Ice-T plays a belligerent homeless man, living on the streets of an unnamed city, who has the bad luck to fall in with a group of game hunters who are looking to hire a guide for their next trip into the remotest mountains. Why these men — led by the phoning-it-in creepy Rutger Hauer — would wish to hire a street-smart, outdoorsy-dumb guy with no hunting or guiding or mountaineering experience is something that only briefly concerns Ice-T. But then, he also has the bad luck not to have seen the opening sequence of the film to which we are treated, in which another ragged-looking and therefore presumed street person is being hunted to the ground in a remotest-mountain locale.

Yes, it’s the ol’ homeless-men-as-prey-for-gun-happy-rich-schmucks scenario, and the thing of it is, without any sense of suspense or mystery — which is conveniently removed for us by the aforementioned opening sequence — the entire first half of the film is basically pointless. We know what Ice-T is in for, the poor dope, but he doesn’t, and we don’t enough about him to worry for him in his cluelessness. We don’t care about him at all, in fact, except as the butt of unintentional hilarity. After he gets an advance from Hauer on his, er, mountain-guide fee, he retires to the most elegant hotel he can afford on these new not-quite riches, which is a buck-98-a-night roach motel, where the director, Ernest R. Dickerson, treats us to a parody of the let’s-get-sexy-in-the-hotel-room cliché.

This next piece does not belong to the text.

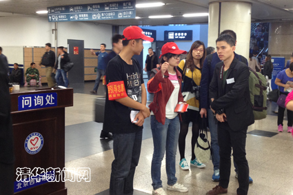 紫荆志愿者们在位于南北进站口附近的两个问询台工作,他们戴着小红帽,为来往的旅客指路引导,告诉南来北往的旅客们在哪里上火车,在哪里接站,在哪里买票和退票,如何乘坐地铁和公交,怎样去餐厅或卫生间等等。有的旅客与家人失散,或者丢了贵重物品,开云的志愿者同学在仔细问清楚情况后,告诉他们相应的路线或处理办法,有力地疏导了北京西站旅客出行的有序和顺畅。

We get to observe while Ice-T takes a bath in a grungy, disgusting bathroom, and by the time the film finally gets to the mountains, you’re wishing it was Ernest R. Dickerson who gets to play the pig in the poke.

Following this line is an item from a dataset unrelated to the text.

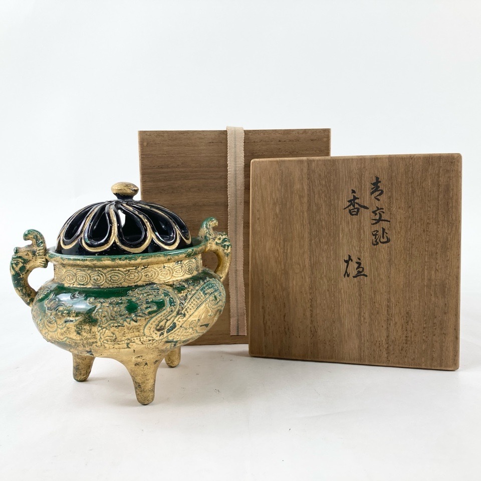 - 十四代 永楽善五郎 得全 作 青交趾竜文香炉 共箱 茶道具 共箱 茶道具 4010956

There’s much discussion among the hunters about the uselessness of people like Ice-T and the vital necessity of hunting them down and killing them, after which Ice-T kicks all their butts to kingdom come, which is what passes for commentary on tough social issues. But kudos to the flick for including Charles S. Dutton among the hunters — who also include Gary Busey, whom you just knew would be here, and F. Murray Abraham — making it merely classist instead of actually racist.